XML-based formats can use “namespaces” to distinguish multiple uses of the same element name from each other, and this draft explains how CSS selectors can be extended to select those elements based on their „namespace” as well as their local name.

Object Model

The DOM specifies the functions that are found in several programming libraries (and browsers) to manipulate HTML, XML & CSS documents. Programmers can call them from their programs rather than write their own. Some of those functions deal with adding & deleting rules and changing properties in CSS style sheets. These APIs form the CSS Object Model or CSS-OM. They are useful for stand-alone programs as well as for scripts and applets. DOM level 2 contains two chapters on the CSS-OM (CSS Object Model) and the CSS WG will develop a level 3 CSS-OM.

CSSOM View Module

The APIs introduced by this specification provide authors with a way to inspect and manipulate the view information of a document. This includes getting the position of element layout boxes, obtaining the width of the viewport through script, and also scrolling an element.

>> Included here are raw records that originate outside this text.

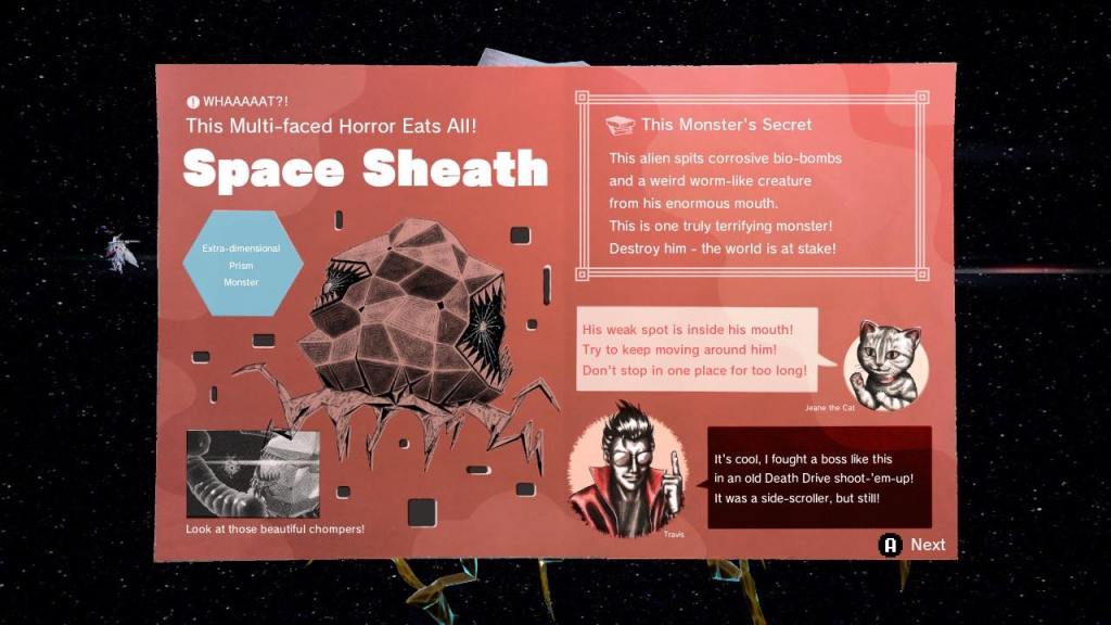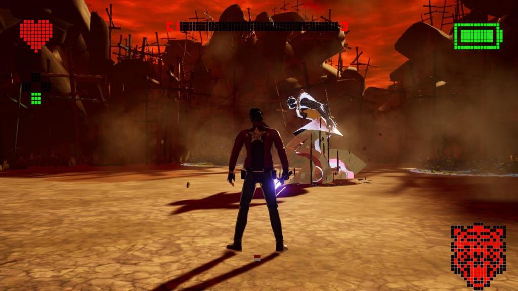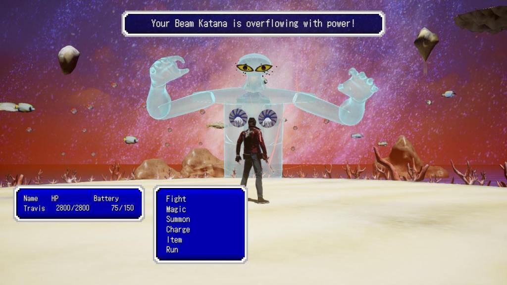 One thing this game series has always done astoundingly well are boss fights and this entry is no different. As always you are aiming to climb the ranks in the UAA rankings to become number 1. This time it’s against invading aliens lead by FU. Each alien has their own boss area, one or two die due to story related so you don’t get to fight them, but they have nice nods to other older games, like final fantasy, smash bros, streets of rage or old text scrolling games. With the final fight against Fu being a really cool two stage fight where you end up in his own weird neon mirror world. What adds to all this and the lead up to the fights is the dialogue which is in a league of its own and Travis Touchdowns voice actor Robin Atkin Downes always knocking it out of the park. Great timing on delivery, and the breaking of the fourth wall on the regular adds to great moments. How he is always going on about anime, his favourite Takashi Miike films and series, with his favourite being Gozu. Which I’d admit for a long time me and my friend thought that was some weird fever dream we experienced together but it is full film, which I can only press for you the readers to experience on your own. Or when he’s trying to console his apprentice Shinobu after having her arms ripped off about his favourite NJPW fights he saw. I just find Travis to be a great written character which would be hard to confuse with anyone else.
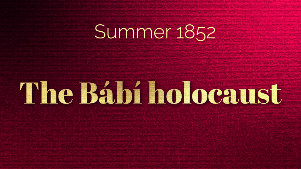 The spiritual forces at play during this intensely violent yet glorious year are foundational to our Faith. The section is called the Bábí holocaust in tribute to Shoghi Effendi’s term for it, but also because the blood-thirsty tsunami of hatred and retribution that swept through Persia after the attempt on the Sháh’s life was aimed at wiping out the Bábí Faith.
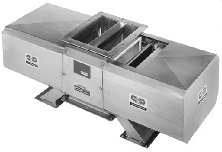 A stripper plate stops as the magnets continue to retract, separating the magnets from the stripper plate. Tramp metal is safely discarded into collection trays. This style is also available in EZ CLEAN (not shown).
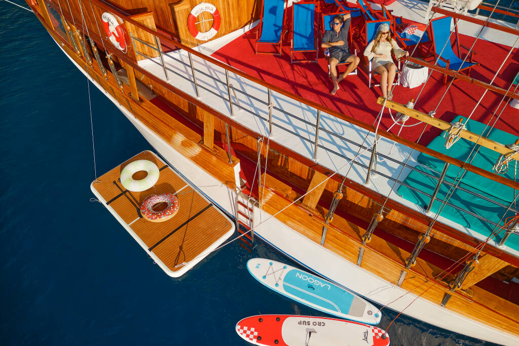 Die Moja Maja ist ideal, um Kroatiens Inseln und versteckte Buchten zu erkunden und bietet ein entspanntes und individuelles Kreuzfahrterlebnis. Gäste können die Adria in ihrem eigenen Tempo genießen und sich dabei auf freundlichen Service und eine einladende Atmosphäre an Bord verlassen.
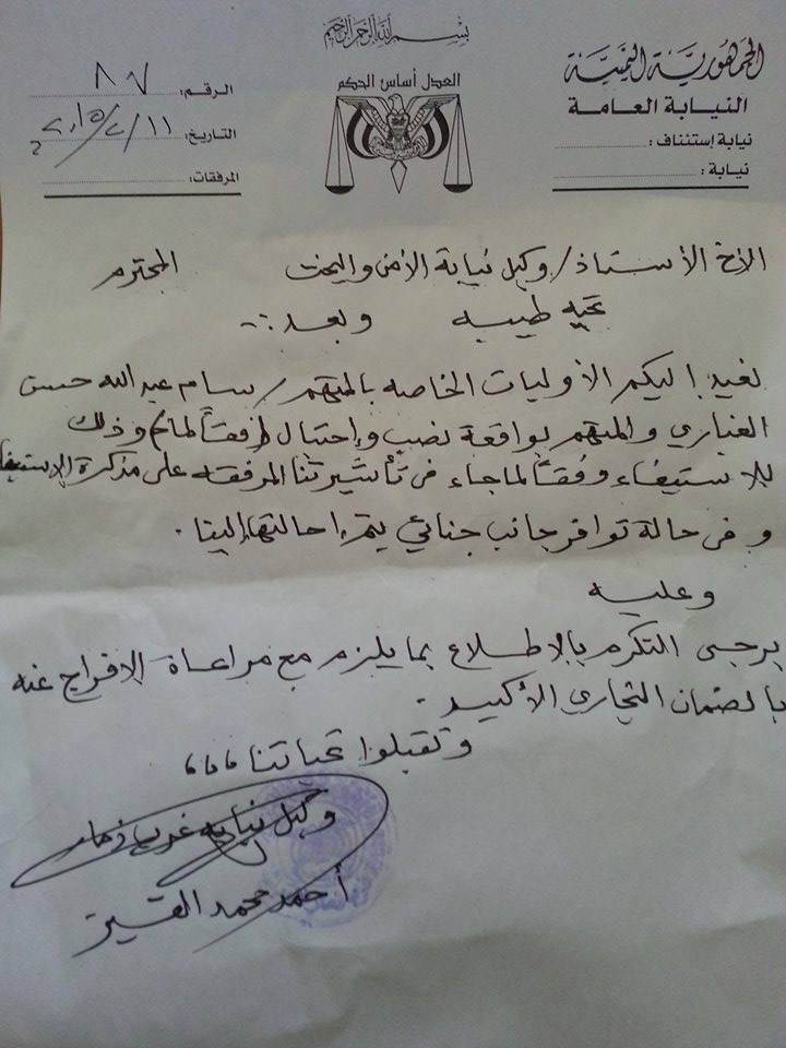 لليوم الثالثعلى التوالي والصحفي الغباري لا زال يقبع داخل سجن البحث الجنائي بمحافظة ذمار بدون تهمة...
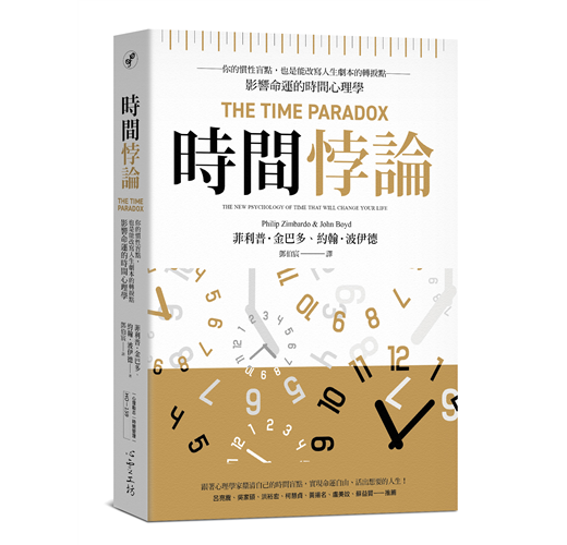 以上和「時間」有關的想法,隱藏著許多盲點與難以改變的慣性,導致我們陷入人生困境。金巴多博士的時間心理學,可以破解這些慣性盲點,讓我們面對「時間」時不再緊張、空虛、懊悔,進而重新設定自己的心理時鐘、走出困境、改寫命運。
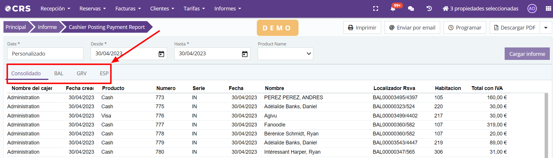 - Ajout de l’option pour visualiser les rapports suivants de deux manières : consolidée, regroupant toutes les propriétés de la chaîne, ou séparée par établissement :
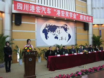 12月25日下午,四川港宏企业管理有限公司为奖励交通与汽车工程学院自强奋斗的优秀学生的“港宏奖学金”颁奖典礼在四教报告厅隆重举行。港宏集团副总裁安藤永一、经营企划部经理徐晓东、港宏别克总经理谭红岗、港宏新通总经理邓建军、港宏新通维修站站长朱江等一行九人出席了典礼。校党委副书记曾德祥、学工部部长王政书、汽车学院院长黄海波、学院党总支书记魏远文等领导以及汽车学院部分优秀学生参加此次典礼。
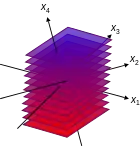 When the number of independent variables is two, a level set is called a level curve, also known as contour line or isoline; so a level curve is the set of all real-valued solutions of an equation in two variables x1 and x2. When n = 3, a level set is called a level surface (or isosurface); so a level surface is the set of all real-valued roots of an equation in three variables x1, x2 and x3. For higher values of n, the level set is a level hypersurface, the set of all real-valued roots of an equation in n > 3 variables.

Behavioral Extensions to CSS

Behavioral Extensions to CSS defines the 'binding' property for XBL. The property was called 'behavior' in the first draft. That draft contained a number of other proposals that are no longer pursued. (To some extent, they have been replaced by XBL.)

Values and Units

Values and Units describes the common values and units that CSS properties accept. Also, it describes how „specified values”, which is what a style sheet contains, are processed into „computed values” and „actual values”.